True Heroes, False Hoaxes, and Nietzsche’s Will to Power: Bludgeoning the Truth of Coronavirus with a Narrative of Perversion; or how the Beaches Were Kept Open in Stephen Spielberg’s Jaws

Among heroes whose adventures are recorded in the literary canon, Oedipus is exemplary. He travels to the gateway of Thebes where the Sphinx holds the people of the city captive. In answering her riddle, the Sphinx faints or alternatively, throws herself on some rocks. Oedipus frees Thebes and “restores the world,” thus, achieving the ultimate objective of the hero-task. But, when the restoration of the world is achieved, its renewal ensured, has the hero truly come to the end of his journey? What if, instead, as in Oedipus Rex, the world falls into chaos again. Contrary to Campbell’s traditional conception of the adventure, Sophocles dramatizes in Oedipus Rex an articulation of the hero’s path not as a journey forward in time towards rebirth and resurrection but one that goes backwards to reveal the unfathomable truth about Oedipus himself which, in a narrative of revelation, has caused a second upset of the world.

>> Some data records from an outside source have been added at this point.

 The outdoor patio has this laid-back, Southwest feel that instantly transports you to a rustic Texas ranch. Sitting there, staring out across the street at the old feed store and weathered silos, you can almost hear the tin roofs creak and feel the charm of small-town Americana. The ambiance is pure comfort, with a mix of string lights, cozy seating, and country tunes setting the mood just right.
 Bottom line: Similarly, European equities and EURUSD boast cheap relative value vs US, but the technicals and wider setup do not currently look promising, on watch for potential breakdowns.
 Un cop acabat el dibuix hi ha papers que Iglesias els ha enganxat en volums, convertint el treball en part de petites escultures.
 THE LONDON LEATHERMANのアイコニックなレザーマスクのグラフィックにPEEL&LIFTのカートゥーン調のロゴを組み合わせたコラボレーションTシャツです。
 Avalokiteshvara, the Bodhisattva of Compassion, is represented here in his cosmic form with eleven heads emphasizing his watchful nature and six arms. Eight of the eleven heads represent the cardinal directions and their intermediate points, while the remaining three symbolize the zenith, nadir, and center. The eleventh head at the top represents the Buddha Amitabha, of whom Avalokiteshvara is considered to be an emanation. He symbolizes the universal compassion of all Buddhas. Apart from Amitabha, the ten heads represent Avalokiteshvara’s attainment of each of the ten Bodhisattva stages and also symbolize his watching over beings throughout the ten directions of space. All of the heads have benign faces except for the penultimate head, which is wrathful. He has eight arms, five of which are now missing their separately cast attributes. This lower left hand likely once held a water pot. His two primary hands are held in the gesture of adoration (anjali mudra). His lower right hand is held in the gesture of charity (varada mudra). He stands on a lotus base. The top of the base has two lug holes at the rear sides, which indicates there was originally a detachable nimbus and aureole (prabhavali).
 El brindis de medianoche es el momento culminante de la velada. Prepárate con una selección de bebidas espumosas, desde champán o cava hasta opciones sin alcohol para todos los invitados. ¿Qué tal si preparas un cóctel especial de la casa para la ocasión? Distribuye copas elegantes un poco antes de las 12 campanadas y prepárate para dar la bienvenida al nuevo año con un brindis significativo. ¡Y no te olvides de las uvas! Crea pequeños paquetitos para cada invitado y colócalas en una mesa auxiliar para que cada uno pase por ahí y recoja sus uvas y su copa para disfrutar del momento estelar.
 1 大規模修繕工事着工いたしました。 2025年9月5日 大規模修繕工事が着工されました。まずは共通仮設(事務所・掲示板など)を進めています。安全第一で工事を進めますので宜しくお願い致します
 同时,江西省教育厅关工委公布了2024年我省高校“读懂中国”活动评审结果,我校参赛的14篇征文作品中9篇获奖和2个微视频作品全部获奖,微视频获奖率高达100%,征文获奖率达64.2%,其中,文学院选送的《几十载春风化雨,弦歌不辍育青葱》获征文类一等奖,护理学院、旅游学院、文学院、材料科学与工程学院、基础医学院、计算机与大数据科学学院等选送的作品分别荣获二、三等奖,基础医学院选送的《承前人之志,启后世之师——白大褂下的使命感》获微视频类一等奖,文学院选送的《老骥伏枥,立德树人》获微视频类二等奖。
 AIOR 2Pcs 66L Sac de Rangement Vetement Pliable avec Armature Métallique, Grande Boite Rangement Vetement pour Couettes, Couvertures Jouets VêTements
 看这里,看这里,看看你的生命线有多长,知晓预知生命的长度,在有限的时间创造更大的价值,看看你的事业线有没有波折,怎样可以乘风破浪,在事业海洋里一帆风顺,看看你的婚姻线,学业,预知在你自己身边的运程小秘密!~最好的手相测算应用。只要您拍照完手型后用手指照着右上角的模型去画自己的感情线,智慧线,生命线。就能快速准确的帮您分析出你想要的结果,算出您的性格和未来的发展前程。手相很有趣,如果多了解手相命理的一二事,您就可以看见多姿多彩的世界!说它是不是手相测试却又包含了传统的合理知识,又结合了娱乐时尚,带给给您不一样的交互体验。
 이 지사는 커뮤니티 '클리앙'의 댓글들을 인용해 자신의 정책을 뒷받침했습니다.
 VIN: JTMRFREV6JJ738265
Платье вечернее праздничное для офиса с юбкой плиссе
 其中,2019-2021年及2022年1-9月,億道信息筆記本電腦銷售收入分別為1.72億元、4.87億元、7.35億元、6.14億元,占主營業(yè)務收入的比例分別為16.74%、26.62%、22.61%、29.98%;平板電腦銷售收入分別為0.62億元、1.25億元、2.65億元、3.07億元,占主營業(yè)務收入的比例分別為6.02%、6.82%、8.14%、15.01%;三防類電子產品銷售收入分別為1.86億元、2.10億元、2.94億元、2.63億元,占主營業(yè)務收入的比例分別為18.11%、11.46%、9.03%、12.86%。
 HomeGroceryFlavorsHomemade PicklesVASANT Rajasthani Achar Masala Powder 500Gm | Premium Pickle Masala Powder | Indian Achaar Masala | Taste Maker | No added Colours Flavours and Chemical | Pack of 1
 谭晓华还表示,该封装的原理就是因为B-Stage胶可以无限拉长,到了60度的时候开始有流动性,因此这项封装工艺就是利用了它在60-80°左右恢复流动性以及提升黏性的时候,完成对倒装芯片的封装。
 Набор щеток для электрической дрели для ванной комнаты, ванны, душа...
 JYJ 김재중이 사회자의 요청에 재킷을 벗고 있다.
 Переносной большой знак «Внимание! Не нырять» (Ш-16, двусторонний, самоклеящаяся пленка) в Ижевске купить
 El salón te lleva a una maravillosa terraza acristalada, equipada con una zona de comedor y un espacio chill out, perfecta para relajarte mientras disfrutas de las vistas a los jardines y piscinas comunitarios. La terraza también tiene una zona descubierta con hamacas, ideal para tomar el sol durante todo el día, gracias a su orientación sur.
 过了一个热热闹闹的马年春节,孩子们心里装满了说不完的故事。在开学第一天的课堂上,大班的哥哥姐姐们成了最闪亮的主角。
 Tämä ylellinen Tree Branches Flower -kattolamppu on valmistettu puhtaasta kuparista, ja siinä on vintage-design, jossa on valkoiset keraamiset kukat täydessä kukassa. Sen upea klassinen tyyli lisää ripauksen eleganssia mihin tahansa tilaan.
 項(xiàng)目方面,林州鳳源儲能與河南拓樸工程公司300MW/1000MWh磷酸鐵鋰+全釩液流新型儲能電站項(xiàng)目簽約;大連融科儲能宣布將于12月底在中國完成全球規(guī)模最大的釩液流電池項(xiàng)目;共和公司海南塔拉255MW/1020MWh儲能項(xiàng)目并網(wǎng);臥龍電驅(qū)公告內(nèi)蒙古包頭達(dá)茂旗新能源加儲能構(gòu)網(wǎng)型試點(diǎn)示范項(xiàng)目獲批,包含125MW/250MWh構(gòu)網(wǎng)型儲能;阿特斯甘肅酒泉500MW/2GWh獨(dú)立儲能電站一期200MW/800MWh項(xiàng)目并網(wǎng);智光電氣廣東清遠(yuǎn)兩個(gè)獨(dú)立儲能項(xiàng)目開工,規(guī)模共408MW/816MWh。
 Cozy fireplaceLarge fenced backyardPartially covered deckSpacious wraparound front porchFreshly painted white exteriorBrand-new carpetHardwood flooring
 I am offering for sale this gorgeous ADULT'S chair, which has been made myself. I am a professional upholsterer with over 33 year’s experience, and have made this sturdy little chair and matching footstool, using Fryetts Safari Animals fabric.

The fictional chaos of Thebes in Oedipus Rex metaphorizes the real-world upheaval which began in the US on January 20, 2020, when the CDC confirmed the first case of COVID-19 in Washington State. Since that initial scientific apprehension, however, the status of the virus in the United States has become and continues to be contested terrain which not only hosts the denial of is its own lethal potential to cause quantifiable death, but, furthermore, destabilizes how truth itself is ascertained and secured. If Oedipus Rex is exemplary of a narrative of revelation which results in the surfacing of truth, namely, that Oedipus himself is the defilement causing chaos in Thebes; the truth of the coronavirus has been subject, instead, to an inversion and/or perversion of the narrative of revelation which has selectively favored its status as a hoax perpetrated by institutions to “control and rule the world.” That is, the rhetorical strategies unique to the narrative of revelation have been mobilized for a purpose contrary to its form – namely, to inculcate verifiable truths as falsehoods and entrench unsupported lies as the truth.

Drawing on the theoretical framework in Nietzsche’s Beyond Good and Evil combined with a reading of Stephen Spielberg’s Jaws, this article will seek to track how the rhetorical strategies underpinning the narrative of revelation can be used as a tool to upend truth in favor of a lie in order to reify traditional hierarchies in all forms – i.e. the Will to Power. In the case of coronavirus former President Trump networked the facts of the virus not in a narrative of revelation which would have empowered the American people against COVID-19; but, rather he perpetrated politically motivated untruths in a narrative of perversion. That is, he “revealed” falsehoods as truth with the intent of aggregating power to himself and his allies. Trump’s narrative of perversion constituted a potent negation of the virus’ measurable consequences for Americans and as such functioned as the ultimate conduit for Trump’s Will to Power. But, even a given narrative of perversion, like the one grafted onto COVID-19 perpetrating it as a “hoax,” must activate elements of observable reality in order to have social purchase; thus, this article will demonstrate how the narrative of perversion eventually yields to truth through the disjoining of false rhetoric from facts, especially when the consequence is death. The narrative of perversion failing to anticipate the material accretions of fact-based experience becomes constitutive of its own unraveling and is ultimately displaced by the rhetorical forms subtending the narrative of revelation and truth.